### Provided records
________________

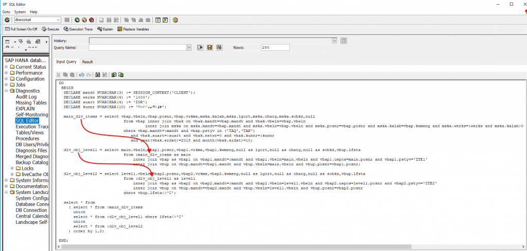 The local table variable dlv_obj_level1 is bound to SQL, which consumes table variable main_dlv_items in the FROM clause by joining it with subquery for level 1 items. In the same manner, the local table variable dlv_obj_level2 is bound to SQL, which consumes table variable dlv_obj_level1 in the FROM clause by joining it with subquery for level 2 items.
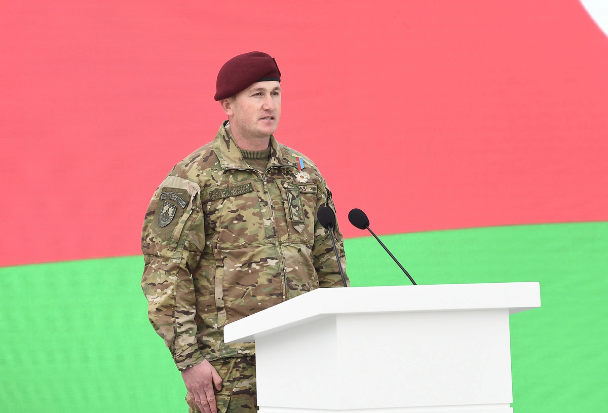 - Cənab Ali Baş Komandan, məruzə edirəm ki, işğal altında qalmış ərazilərimizin azad edilməsi ilə əlaqədar Sizin əmrinizi, hər bir hərbi qulluqçu kimi, biz Daxili İşlər Nazirliyinin Daxili Qoşunlarının xüsusi təyinatlıları da səbirsizliklə gözləyirdik. Qırx dörd günlük Vətən müharibəsində qazanılmış Qələbədə iştirakımla şərəf və qürur duyuram. Vətən torpağının hər qarışı uğrunda döyüşmək bizə də nəsib oldu və sonda şanlı Qələbə əldə edildi, Azərbaycanın tarixinə şanlı bir salnamə kimi həkk olundu. Biz bu müharibədə Qələbəni şəhidlərimizin canı, qanı bahasına, hərbçilərimizin rəşadəti hesabına qazandıq. Hər dəfə döyüşə atılanda bizi bir amal, bir məqsəd gücləndirirdi - qısa müddət ərzində düşmənə sarsıdıcı zərbə vurub torpaqlarımızı tapdaqdan azad edək. Vətən naminə qəhrəmanlıq göstərən, Vətəni həyatı, sağlamlığı bahasına müdafiə edən döyüşçü yoldaşlarımız həmişə bizim ürəyimizdə və yaddaşımızdadır. Onlar heç vaxt unudulmayacaq!
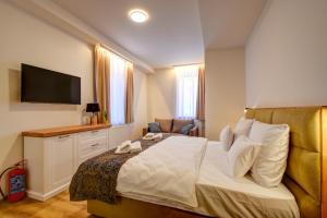 The hotel offers air-conditioned accommodations ranging from studios to suites, all equipped with soundproof walls, flat-screen TVs, tea and coffee makers, wardrobes, and private bathrooms stocked with free toiletries. Some rooms include kitchenettes fitted with stovetops, refrigerators, and kitchenware for self-catering options. Seating areas are provided in larger units along with sofa beds where applicable. A few rooms have balconies offering city views.
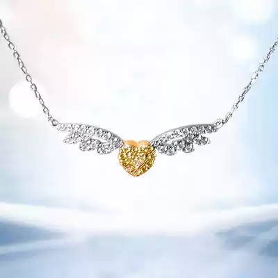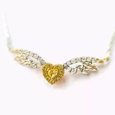 18K gold diamond necklace Yellow diamond necklace love wing pendant Yellow diamond ring inlaid clavicle chain Yellow diamond necklace customization
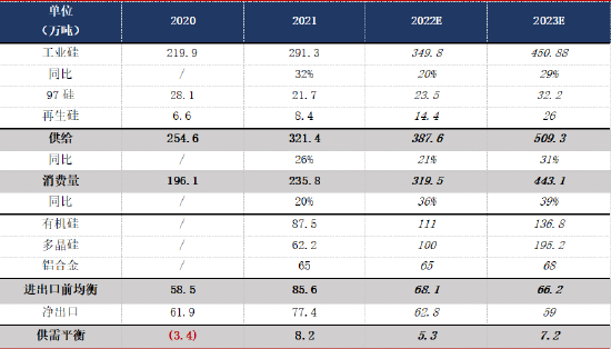 多晶硅过去几年一直供小于求,价格高企,直到2022年供需基本平衡,供给紧缺的情形开始缓解。2023年多晶硅新增规划产能126万吨,在当前多晶硅利润可观的情况下,按照当前的开工率来计算新增产量,2023年约新增耗硅量约95.19万吨,耗硅需求增速95%,对工业硅的总需求约195.16万吨左右。
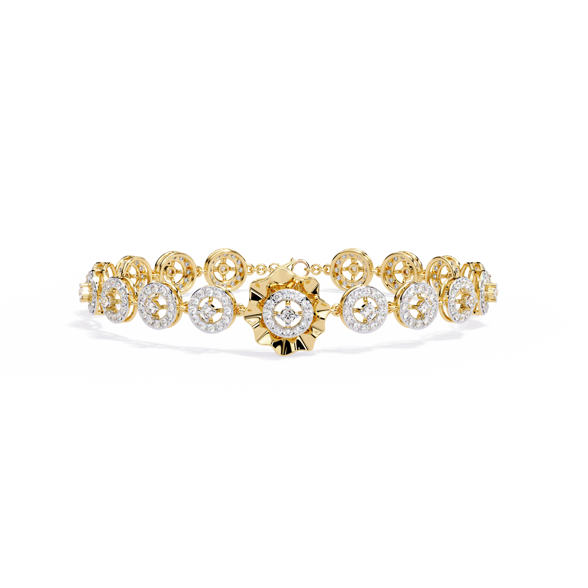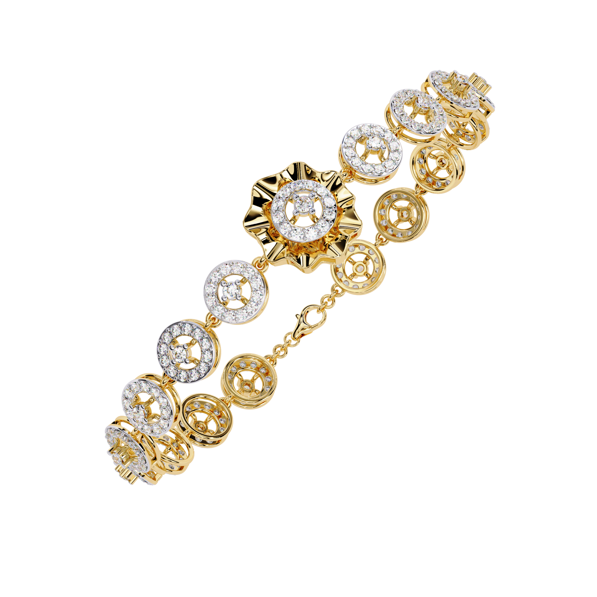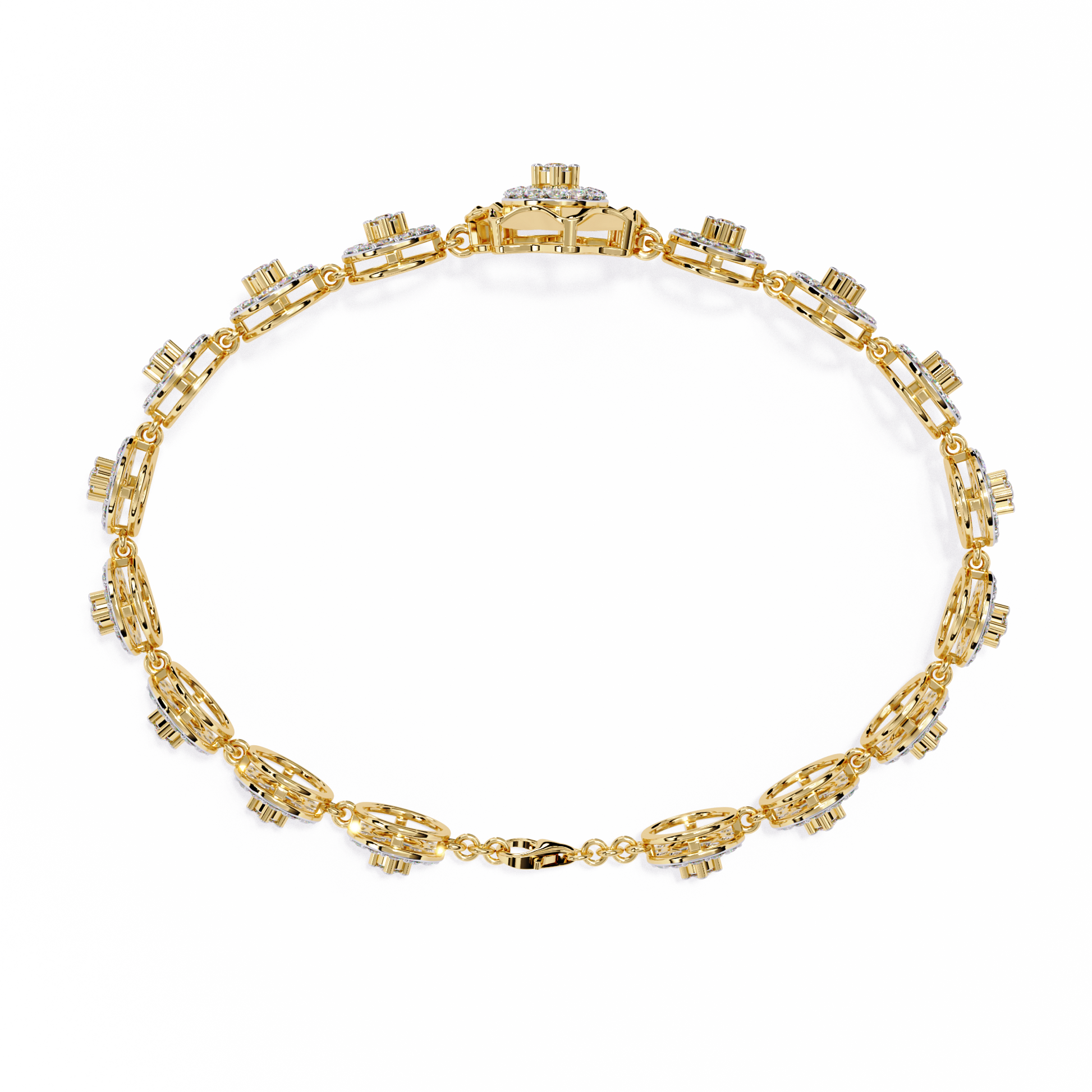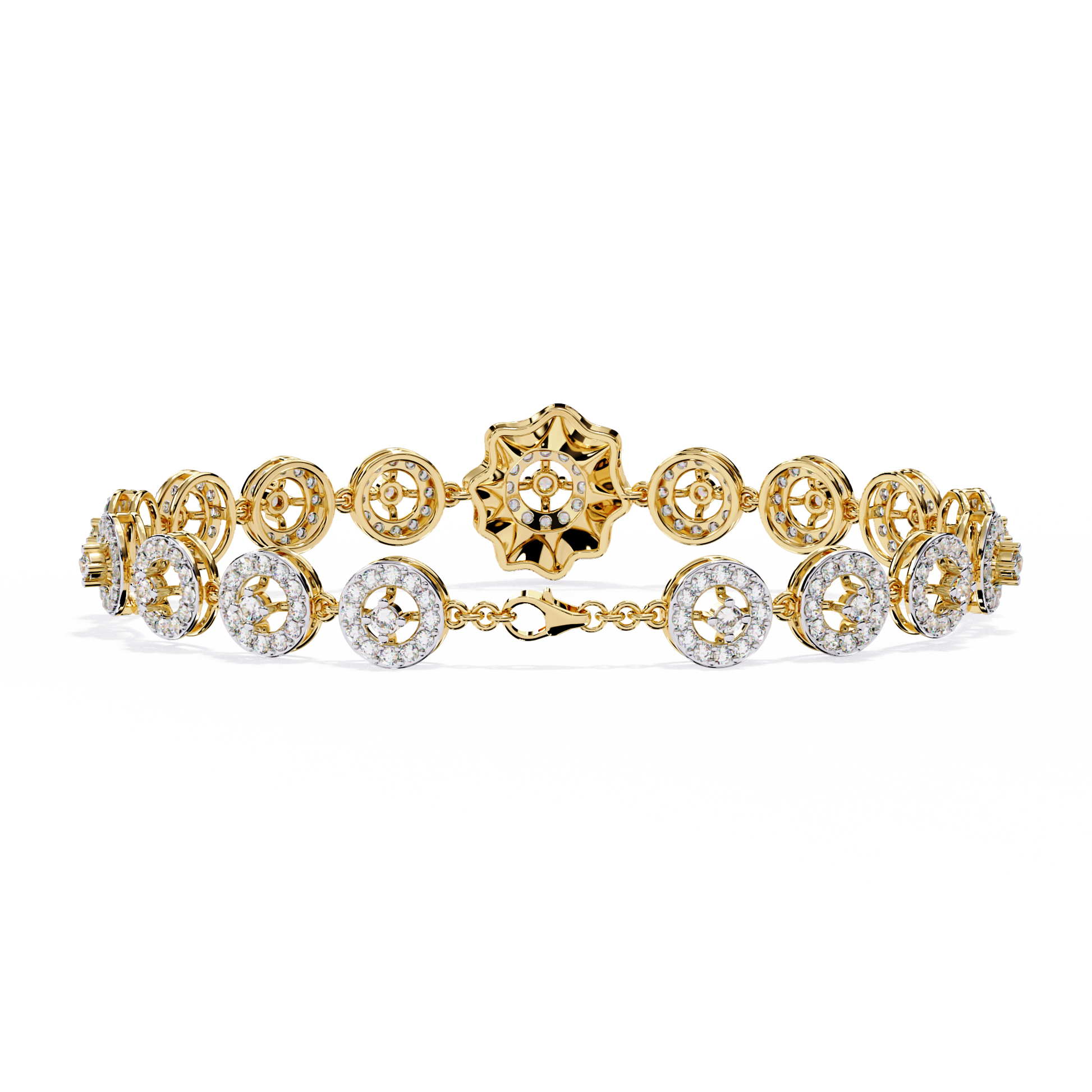 Indulge in timeless elegance with our vintage 18k solid yellow gold classic line bracelet, featuring a perfect 2.16Ct round cut top grade lab grown diamond for a touch of luxury. This delicate piece is the perfect gift for women who appreciate sophisticated beauty. Add a touch of glamour to any outfit with this exquisite bracelet.

________________

### Problem to solve
The material above must be reproduced line for line, with the images omitted.

### Result
 The local table variable dlv_obj_level1 is bound to SQL, which consumes table variable main_dlv_items in the FROM clause by joining it with subquery for level 1 items. In the same manner, the local table variable dlv_obj_level2 is bound to SQL, which consumes table variable dlv_obj_level1 in the FROM clause by joining it with subquery for level 2 items.
 - Cənab Ali Baş Komandan, məruzə edirəm ki, işğal altında qalmış ərazilərimizin azad edilməsi ilə əlaqədar Sizin əmrinizi, hər bir hərbi qulluqçu kimi, biz Daxili İşlər Nazirliyinin Daxili Qoşunlarının xüsusi təyinatlıları da səbirsizliklə gözləyirdik. Qırx dörd günlük Vətən müharibəsində qazanılmış Qələbədə iştirakımla şərəf və qürur duyuram. Vətən torpağının hər qarışı uğrunda döyüşmək bizə də nəsib oldu və sonda şanlı Qələbə əldə edildi, Azərbaycanın tarixinə şanlı bir salnamə kimi həkk olundu. Biz bu müharibədə Qələbəni şəhidlərimizin canı, qanı bahasına, hərbçilərimizin rəşadəti hesabına qazandıq. Hər dəfə döyüşə atılanda bizi bir amal, bir məqsəd gücləndirirdi - qısa müddət ərzində düşmənə sarsıdıcı zərbə vurub torpaqlarımızı tapdaqdan azad edək. Vətən naminə qəhrəmanlıq göstərən, Vətəni həyatı, sağlamlığı bahasına müdafiə edən döyüşçü yoldaşlarımız həmişə bizim ürəyimizdə və yaddaşımızdadır. Onlar heç vaxt unudulmayacaq!
 The hotel offers air-conditioned accommodations ranging from studios to suites, all equipped with soundproof walls, flat-screen TVs, tea and coffee makers, wardrobes, and private bathrooms stocked with free toiletries. Some rooms include kitchenettes fitted with stovetops, refrigerators, and kitchenware for self-catering options. Seating areas are provided in larger units along with sofa beds where applicable. A few rooms have balconies offering city views.
 18K gold diamond necklace Yellow diamond necklace love wing pendant Yellow diamond ring inlaid clavicle chain Yellow diamond necklace customization
 多晶硅过去几年一直供小于求,价格高企,直到2022年供需基本平衡,供给紧缺的情形开始缓解。2023年多晶硅新增规划产能126万吨,在当前多晶硅利润可观的情况下,按照当前的开工率来计算新增产量,2023年约新增耗硅量约95.19万吨,耗硅需求增速95%,对工业硅的总需求约195.16万吨左右。
 Indulge in timeless elegance with our vintage 18k solid yellow gold classic line bracelet, featuring a perfect 2.16Ct round cut top grade lab grown diamond for a touch of luxury. This delicate piece is the perfect gift for women who appreciate sophisticated beauty. Add a touch of glamour to any outfit with this exquisite bracelet.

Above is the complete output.